Monday, April 24, 2006

Love Ya Back, Baby

So much for the weekly update. For some reason, in the last month, I haven’t been able to write new entries or cook something interesting. It’s probably a result of all that writing at work. Maybe I was all “written out.” My brain was mush. Excuses, excuses. In any case, all I wanted to do was watch tons of DVDs, catch up on my reading, and catch up on sleep.

But I also felt like cooking something just the same. I just didn’t want to do anything complicated. So I went to the supermarket to check out what was available. There was a slab of fresh baby back ribs, so I decided to do a barbecue in the oven (I live in a building where there’s no space to set up an outdoor barbecue near the unit, unless you want to smoke out the neighbors as you cook…). I had all the other ingredients at home anyway.

It’s Not About the Size

Contrary to what some people believe, baby back ribs are not the ribs of a baby pig. They’re ribs located at the back, attached to the spine. They’re smaller in size—hence the “baby” monicker—compared to the spare ribs located near the belly area.

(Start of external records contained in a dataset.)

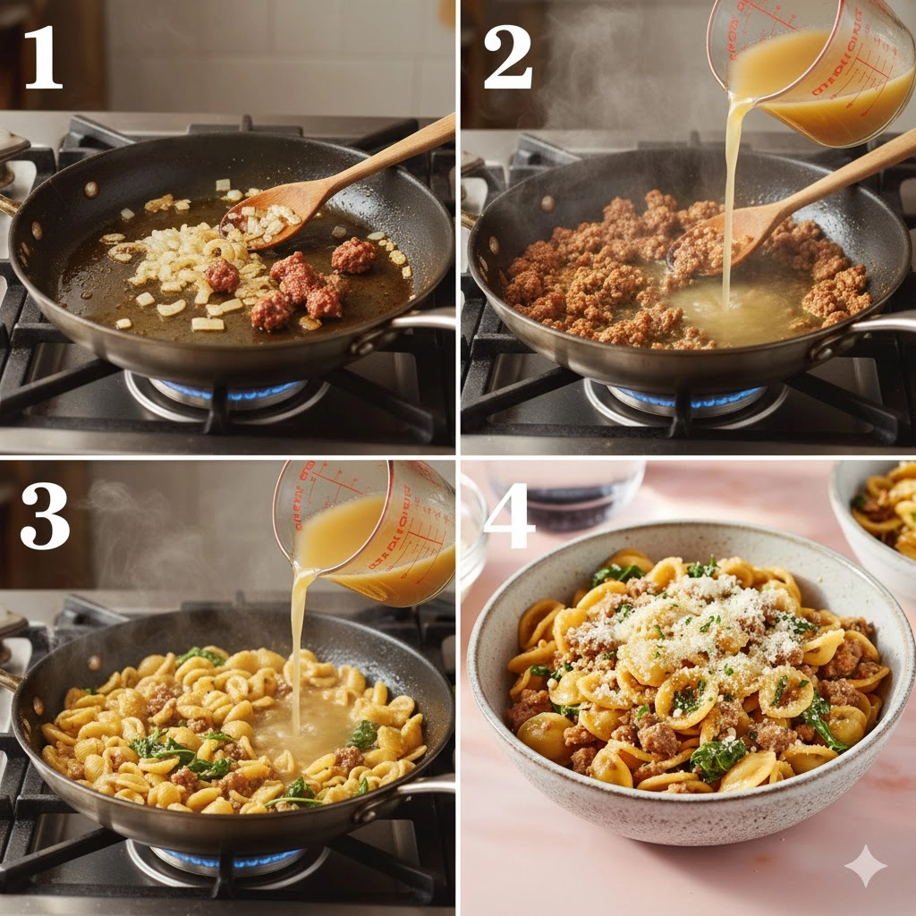 In the world of weeknight cooking, few things are as universally cherished as a meal that delivers maximum flavor with minimal cleanup. This One Pan Orecchiette Pasta is the personification of that philosophy. Combining the savory punch of spicy Italian sausage with the delicate “little ears” of orecchiette, this dish creates its own luscious sauce as it cooks. By simmering the pasta directly in chicken broth rather than boiling it in water, every single noodle becomes infused with a depth of flavor that traditional boiling simply cannot match. Whether you are a busy student looking for a budget-friendly meal or a seasoned home cook seeking a sophisticated yet simple dinner, this recipe is a masterclass in efficiency and taste.
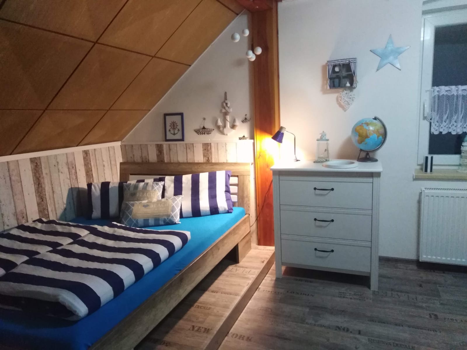 Námořnický pokoj je nejmenším, ale zároveň nejútulnějším pokojem, který je pro dvě osoby.
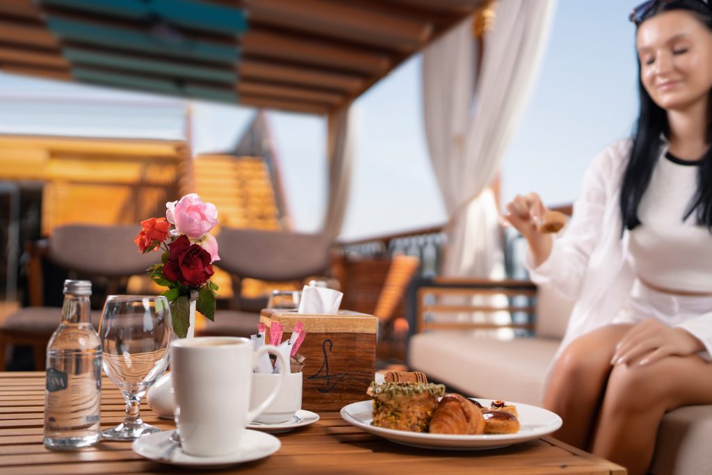Pair your meals with a curated selection of beverages, including refreshing cocktails, fresh juices, and freshly brewed coffee and teas. Whether dining al fresco under the stars or enjoying a cozy breakfast by the panoramic windows, every bite and sip is designed to enhance your journey, blending luxury with the romance of the Nile.

Now I know some people don’t think much of baby back ribs because they’re not exactly known to have a hefty amount of meat clinging to the bones, but this particular piece—weighing somewhere between 800 and 900 grams—was quite meaty.

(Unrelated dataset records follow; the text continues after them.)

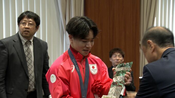 日本人最多、日本体操界にとっても52年ぶりの快挙となる3個の金メダルを持ち帰った偉業を称えるもので、岡選手は、4年後のロス五輪に向け、さらなる活躍を誓っていました。
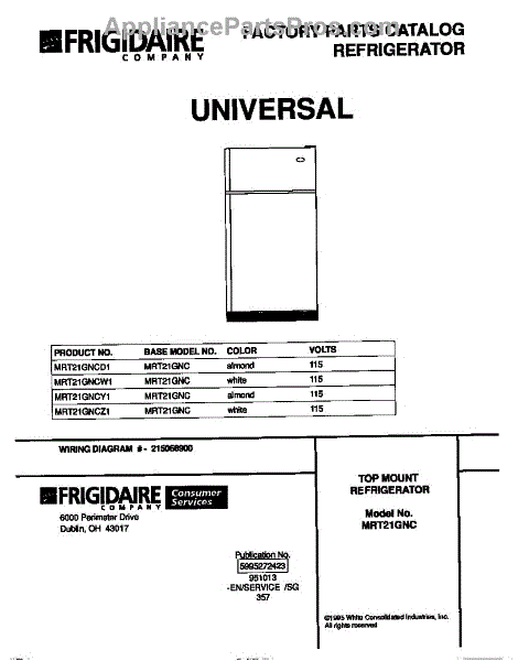 Parts for Frigidaire MRT21GNCD1: 01 - Cover Parts
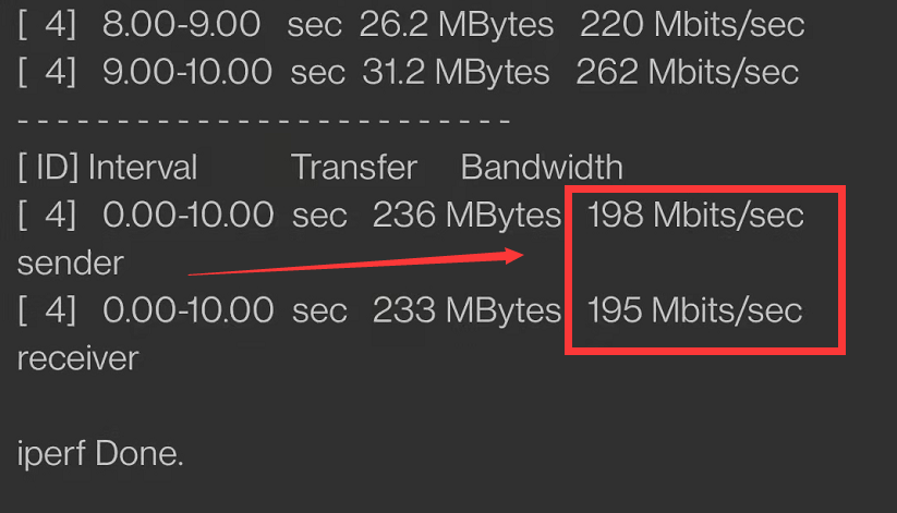 发送端平均带宽为195Mbps

To ensure that the meat would be tender, I first seasoned and braised it in some aromatics, broth, and part of the barbecue marinade for about an hour (or until I could prick the meat with a fork). True barbecued ribs are cooked on an outdoor grill for hours. But since I don’t have an outdoor grill and the luxury of time, I settled for braising before broiling. I didn’t allow it to become too tender, though, because I was going to cook it a few more minutes in the oven. I then brushed some of the barbecue sauce/marinade onto the meat before I popped it into the oven. Fantastic!

Bourbon Baby Back Ribs

Yield: 4 to 5 servings as appetizers, 2 to 3 servings as main course

1 slab baby back ribs (at least 750 grams)
½ head of garlic, chopped
1 large onion, chopped
2 parts brown sugar
1 part soy sauce
1 part vinegar or mustard
splash of Worcestershire sauce (optional)
splash of bourbon (I actually used more than one splash, though)
beef or chicken broth, or water
salt
freshly ground black pepper
olive oil

1) Preheat oven to 400°F.
2) Combine sugar, soy sauce, vinegar (or mustard), Worcestershire sauce (if using), and bourbon until sugar is dissolved. Set aside.
3) Season ribs with salt and pepper.
4) Heat olive oil in a pot. Add garlic and onion and saute until onions are soft.
5) Add baby back ribs and allow to steam in the garlic and onion mixture for a few minutes.
6) Add a cup of barbecue sauce/marinade mixture and broth or water. Do not submerge the whole slab in the liquid.
7) Allow the liquid to simmer. Reduce the heat to medium-low. Cover pot and braise ribs until you can prick the meat with a fork (about an hour).
8) Once it’s tender, set the ribs aside and reduce the liquid. You can thicken this with flour paste if you want to use it as sauce later.
9) Brush the remaining barbecue sauce/marinade onto the ribs. Broil ribs in oven for about 30 minutes, brushing it with sauce every once in a while.
10) Once cooked, remove the ribs from the oven and brush with sauce.
11) Carefully separate each rib and arrange on a platter. Pour barbecue sauce over the ribs. As main course, serve with steamed vegetables or arugula greens with vinaigrette.